I met one of the photographers (Zeng) long time before I knew of Traub’s project. As a researcher doing ethnographic work in the neighbourhood, I was very interested in different types of exchanges between Chinese and foreign individuals; and when I came across the photographers on the bridge, I thought something similar to what Traub describes. I thought of the photographs as material evidence of the kinds of exchanges that I was trying to investigate. I befriended Zeng, and explained to him that I was working in a university, and that I was interested in African presence in the region, and I got some 80 pictures from him – he carefully chose the pictures so as to not give me any recent photos (i.e. of people actually living in the neighbourhood at that time), they were all from two or three years back (see image above).

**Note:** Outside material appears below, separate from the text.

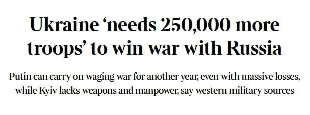 Британская The Times со ссылкой на украинских военных и источники в НАТО пишет: чтобы переломить ситуацию на фронте, Украине нужно мобилизовать минимум 250 тысяч дополнительных солдат и получить значительно больше вооружений.

Around a year after I met Zeng, he told me that an American photographer (Traub) had also asked for his pictures and that Traub would  take them to the US – I was a little suspicious. Zeng always spoke about the pictures as ‘his’ pictures, so he had a sense of ownership. Later he told me that the pictures would be in an exhibition in the US and possibly in a book. When I asked him about what he felt about having an American photographer taking his pictures to the US and publishing a book, he explained that he was not so sure about the whole process but that he was very happy to have his pictures shown in an exhibition. At that point, he gave me the impression that he was thinking of himself as a photographer – one that had had his pictures exhibited internationally.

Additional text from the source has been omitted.